UF Health and Shriners Hospitals for Children have forged a unique relationship that will have a meaningful impact for children with musculoskeletal problems. The two institutions announced in October 2019 that Shriners Hospitals for Children will create the Shriners professorship in pediatric orthopaedics, the Shriners fellowship in pediatric orthopaedics and funding for improvements at the pediatric orthopaedic practice to help enhance the patient experience.The commitment will provide ongoing support for research, faculty and staff development, program enhancements and continuing education related to the care of pediatric orthopaedic patients at both UF Health Shands Children’s Hospital and the UF Health Orthopaedic and Sports Medicine Institute.
From the UF Health newsroom featured article:
The Shriners endowed professorship in pediatric orthopaedics supports a UF College of Medicine faculty member who demonstrates commitment to the treatment of orthopaedic diseases that adversely affect the lives, well-being, comfort and happiness of children. The professorship has been awarded to Laurel Blakemore, M.D., division chief of pediatric orthopaedics in the UF College of Medicine’s Department of Orthopaedics and Rehabilitation.
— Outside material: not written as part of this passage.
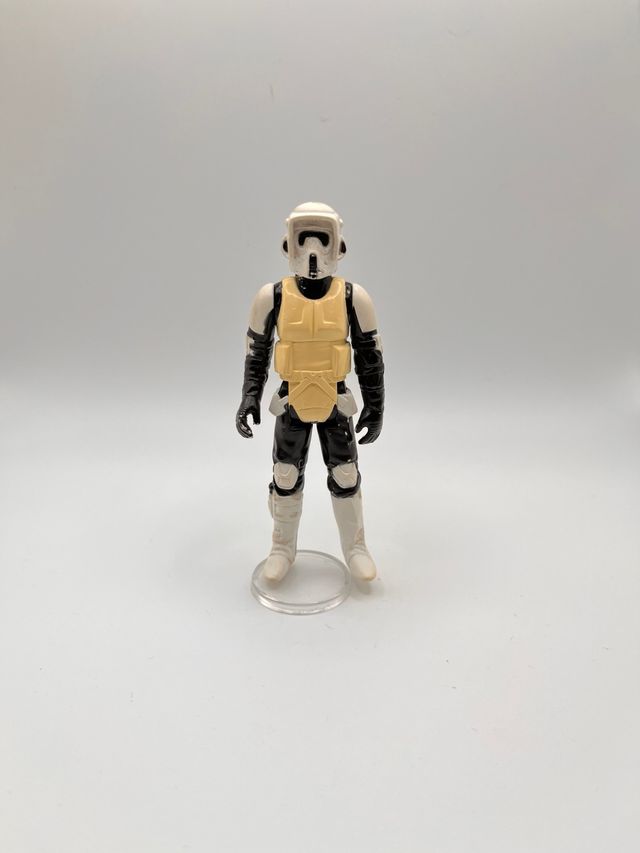Figura de acción vintage de Star Wars. - Diseño detallado del Scout Trooper. - Colores blanco, negro y beige.

Blakemore is nationally known for her expertise in complex spinal deformity, scoliosis and general pediatric orthopaedics.
The Shriners endowed fellowship in pediatric orthopaedics supports the training of physicians at the UF College of Medicine who will specialize in treating children with congenital deformities and conditions, neuromusculoskeletal diseases, orthopaedic injuries and rare bone diseases.
Grants from Shriners Hospitals for Children will help create and equip clinical space dedicated to pediatric orthopaedics at the UF Health Orthopaedics and Sports Medicine Institute. This space will be recognized as a Shriners Center of Excellence. Included will be the purchase of a second EOS X-ray, a low-dose, 3D imaging system that allows practitioners to view the interaction between a patient’s joints and the rest of the musculoskeletal system, including the legs, hips and spine.
Mark T. Scarborough, M.D., a professor and chair of the UF College of Medicine's department of orthopedics and rehabilitation, said the opportunities to work with and care for this special population of patients help faculty, residents and fellows alike enhance their knowledge and skills in pediatric care.
"We are thrilled to have the chance to recognize and expand the work of one of our current clinical leaders through the endowed professorship," Scarborough said. "We look forward to sharing our research and outcomes regularly with Shriners Hospitals for Children."